> [Task objective]: When you reach the line below that has "2FA2504 BASE 4T.TTL.SUP.CUADRADA FAMT.2504", start returning lines exactly, and stop after the line that has "Die Herstellung von"; skip the pictures.

> [Stored entries]:
****

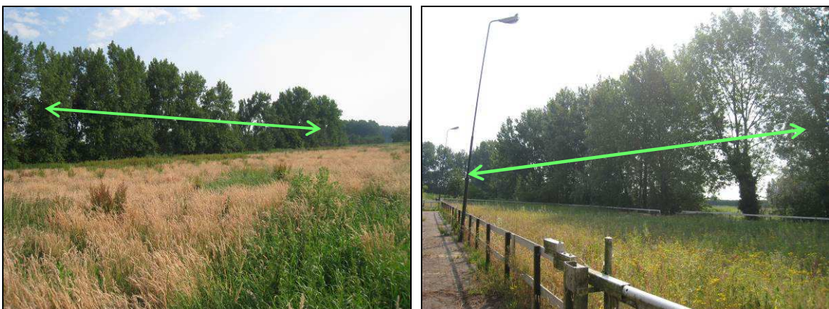
Figuur 3. Aanzicht van de houtwal in het gebied aan de Middenweg te Ouderkerk aan de Amstel die vleermuizen kunnen gebruiken als vliegroute.

De houtwal die door het gebied loopt is een historische landschapselement (zie figuur 3). Op lijnvormige landschapselementen kunnen vleermuizen zich oriënteren. De houtwal kan een essentieel onderdeel vormen in een vliegroute van vleermuizen tussen de wateren Waver en de Ouderkerkerplas (zie figuur 4). Het plan beïnvloedt deze landschapselementen negatief als gevolg van lichtverstrooiing en doorgangen. Effecten op vliegroutes kunnen derhalve niet worden uitgesloten.
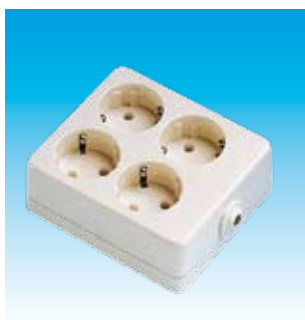
2FA2504 BASE 4T.TTL.SUP.CUADRADA FAMT.2504
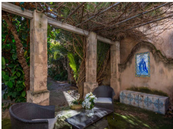
Ecke des Gartens
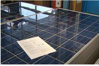
Die Herstellung von Solar- modulen ist aufwändig

Inzwischen kann man auf immer mehr deutschen Dächern Solarmodule sehen. Die blauen rechteckigen Platten schmücken nicht nur die Dächer von Besserverdienenden. Mehr oder weniger großflächig sind Solarmodule auf Dächern von Schulen, Baumärkten, Firmendächern und Sporthallen installiert. Dass sich die Installation finanziell lohnt, hat sich inzwischen herumgesprochen. Denn 20 Jahre lang wird jede einzelne Kilowattstunde Solarstrom vergütet. Das hat zeitweise eine derartige Nachfrage ausgelöst, dass der Rohstoff Silizium für die Solarzellen knapp wurde. Was sich finanziell für den Betreiber lohnen mag, muss aber nicht umweltfreundlich sein. Wie lange dauert es, bis eine Solarzelle genau den Strom erzeugt hat, der bei ihrer Herstellung benötigt wurde?

****

> [Task solution]:
2FA2504 BASE 4T.TTL.SUP.CUADRADA FAMT.2504
Ecke des Gartens
Die Herstellung von Solar- modulen ist aufwändig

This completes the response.